Oooh i just saw the announcement... hadn't noticed it before! Sounds like a cracking idea!


----------



## dino (Oct 26, 2005)

Edit - Order canceled as they cant ship it oversea's


----------



## barry (Oct 26, 2005)

anymore goin ?


----------



## blr123 (Oct 26, 2005)

182_blue said:


> yeh i will have some too, as i missed out on shipper's group buy


Here Shaun.............wakey wakey............you missed out on this, the swirl finder.........dear oh dear 

Bryan


----------



## 182_Blue (Oct 25, 2005)

blr123 said:


> Here Shaun.............wakey wakey............you missed out on this, the swirl finder.........dear oh dear
> 
> Bryan


yeh i know, but i got my work, my own little business, im a busy man


----------



## 182_Blue (Oct 25, 2005)

woooohhooooo, used my sample of wheel brightner today, well impressed, the dirt just lifts of and it doesnt seem to acidic either, left a nice shine on my alloys, think i will be buying a big bottle very soon


----------



## Suasexed (Oct 25, 2005)

Oooh i'm jealous!
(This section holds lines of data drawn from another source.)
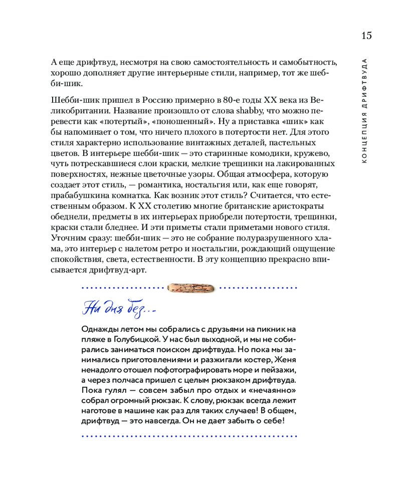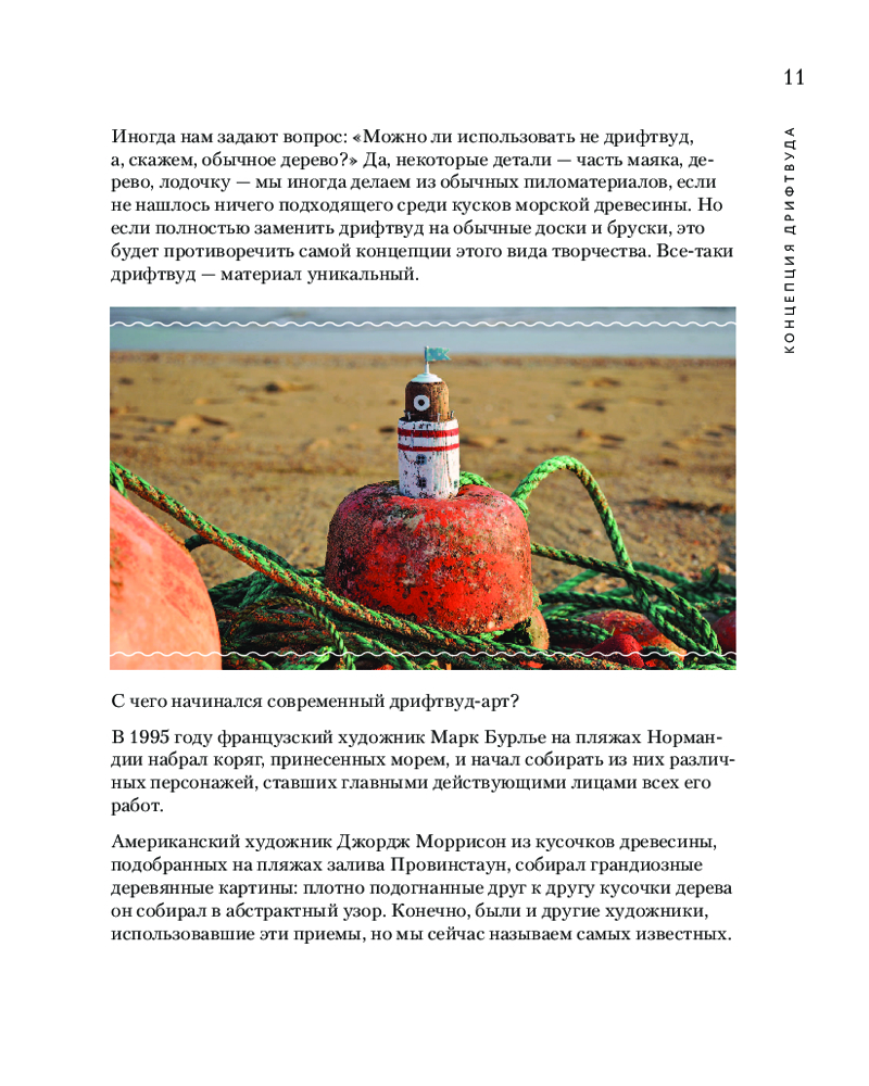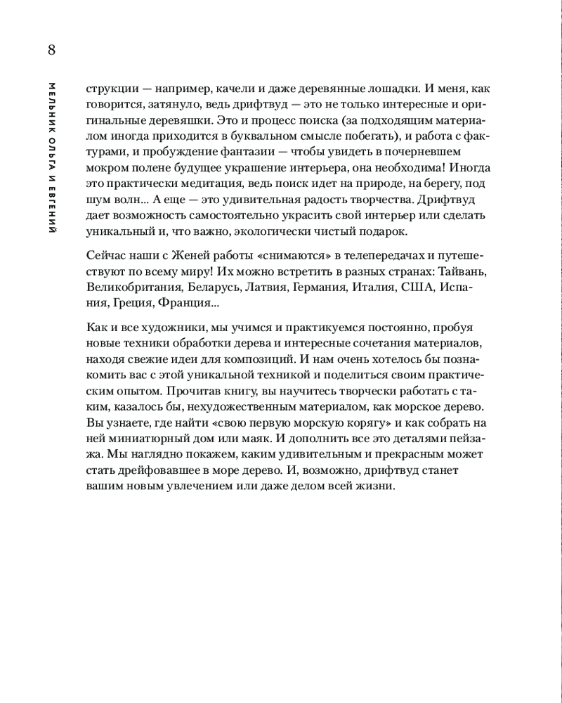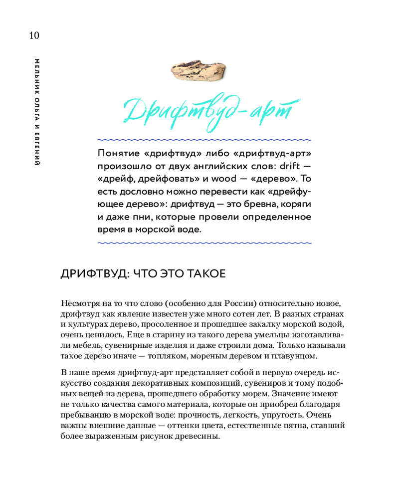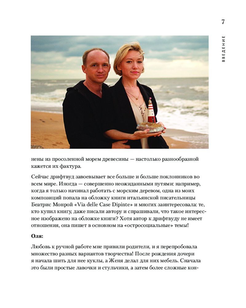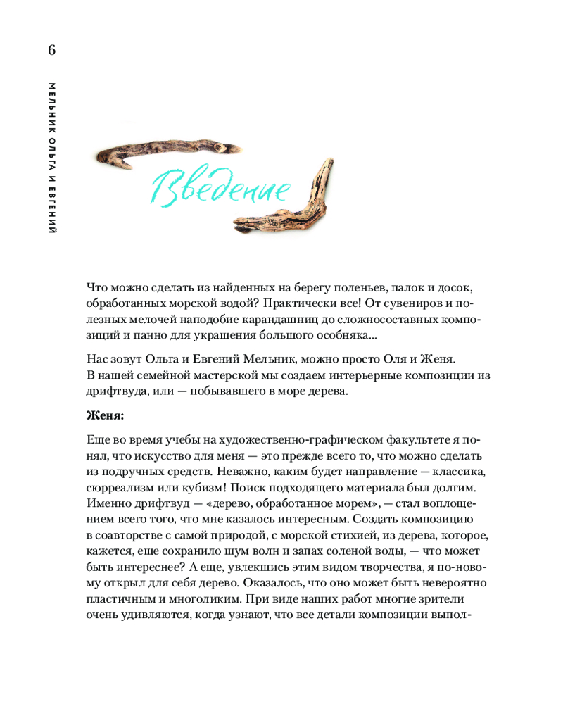 В этой книге вы познакомитесь с новой, но уже достаточно известной техникой дрифтвуда. Понятие «дрифтвуд» в переводе означает «дрейфующее дерево». В разных странах и культурах дерево, просоленное и прошедшее закалку морской водой, очень ценилось, из такого дерева умельцы изготавливали мебель, сувенирные изделия и даже строили дома.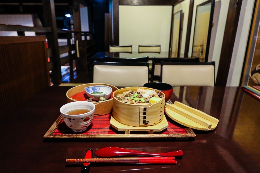 The Aizu Region is known for its high-quality sake, and a number of local labels have won both international and domestic competitions. A short walk from the north exit of Tsuruga Castle is the Aizu Miyaizumi Brewery, one of the numerous breweries in the region, which offers free sake tasting at their shop. Lunch was at an old established restaurant, Takino, that specializes in an Aizu delicacy called wappa-meshi which is rice and other local ingredients steamed in a wooden container.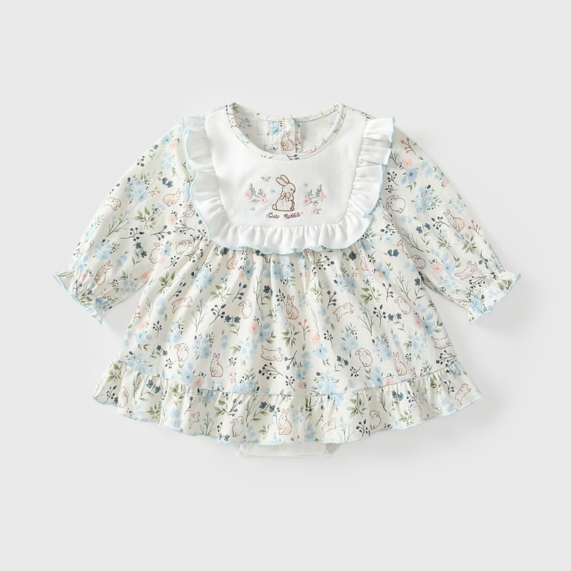 GWIL528534351Arrival Autumn Baby Girls Floral Long Sleeves Rabbit Pattern Embroidered Dress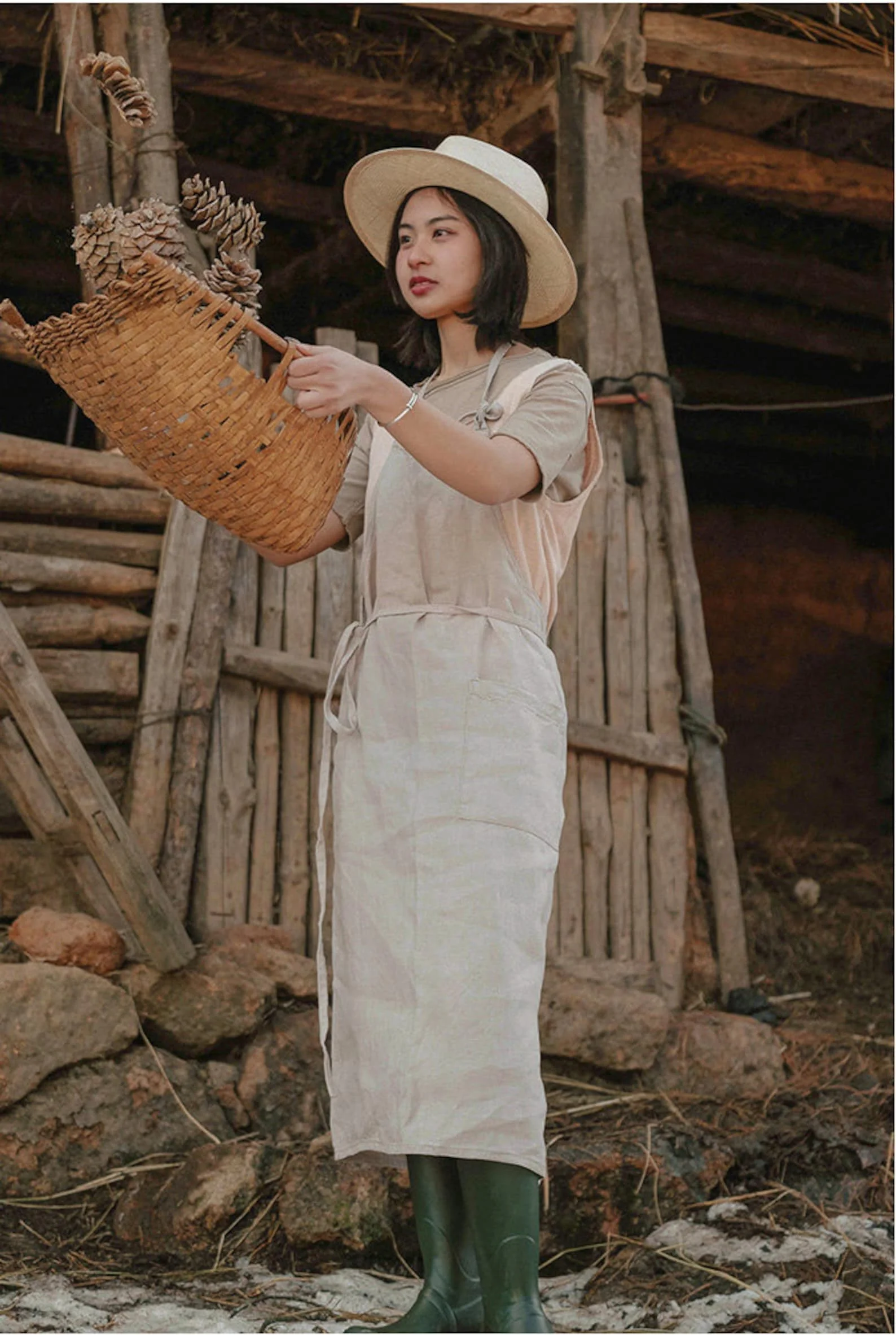 Linen Apron Dress. Pure Linen Apron for Cooking Gardening Full Apron for Women and Men Plus Size Clothing Available Big Size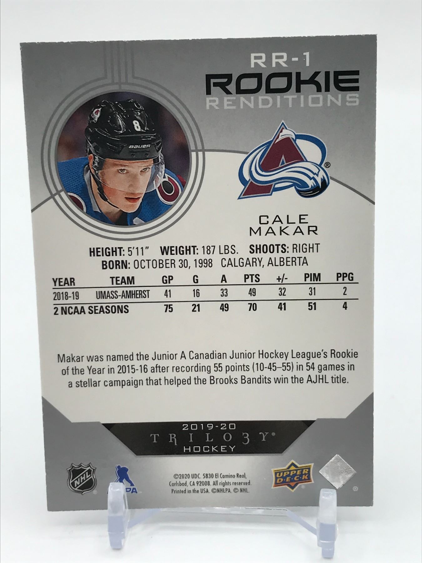 2019-20 UPPER DECK TRILOGY HOCKEY ROOKIE RENDITIONS CALE MAKAR TRADING CARD

Tried some 1Z wheel cleaner today - worked wonders. Smelt a bit bizarre...honey comb i think!


----------



## 182_Blue (Oct 25, 2005)

yeh im deffo getting a bottle, well i will do when megs gets some in stock, the brightner has a sort of marzipan smell to it iirc lol


----------



## pugoman (Oct 27, 2005)

182_blue said:


> the brightner has a sort of marzipan smell to it iirc lol


Now I love a good product sniff, but I wouldn't make a habit of breathing/smelling that stuff... it's quite a bit more potent than consumer line products and really isn't good for your lungs! lol


----------



## 182_Blue (Oct 25, 2005)

i wasnt sniffing it, the smell was just in the air


----------